Bas News added the alarming detail that “Turkish-backed armed factions have seized over 120 humanitarian vehicles intended to transport civilians to safety, further complicating the crisis.”
The Turkish government has overtly invaded Syrian territory in the interest of eliminating Kurdish forces in the past five years, but Erdogan is also stridently opposed to the Assad dictatorship. In 2016, justifying another military adventure into Syria, Erdogan declared, “We entered there to end the rule of the tyrant al-Assad who terrorizes with state terror.”
The Turkish National Defense Ministry reiterated on Thursday that the SDF was allegedly a “serious” threat to the Erdogan regime in apparent support of the SNA’s attacks. The Turkish state news outlet Anadolu Agency paraphrased a statement from the defense ministry insisting that Turkey would “not allow terrorist groups to exploit the instability in the region,” referring to the SDF.

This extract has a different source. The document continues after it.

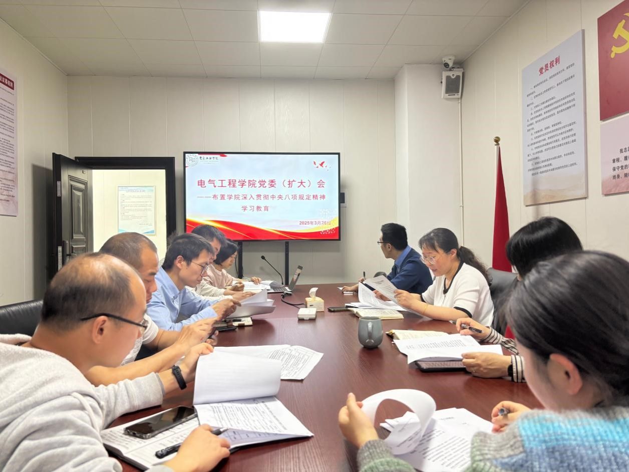 3月26日上午,电气工程学院在C409会议室召开党委扩大会议,对在全院开展深入贯彻中央八项规定精神学习教育进行动员部署。学院党委委员、基层党支部书记和支部委员参加会议并进行集体理论学习,会议由学院党委书记焦晶主持。

“All necessary measures are being taken by our troops to maintain stability in the region, and close cooperation and coordination with our counterparts have continued since the very beginning of the process,” a Defense Ministry spokesman reiterated on Thursday, according to the Turkish newspaper Hurriyet. “We emphasize once again … that we will not allow the PKK/YPG terrorist organization, which poses a serious threat to Syria’s territorial integrity, sovereignty and the security of our region, to take advantage of the instability in the region.”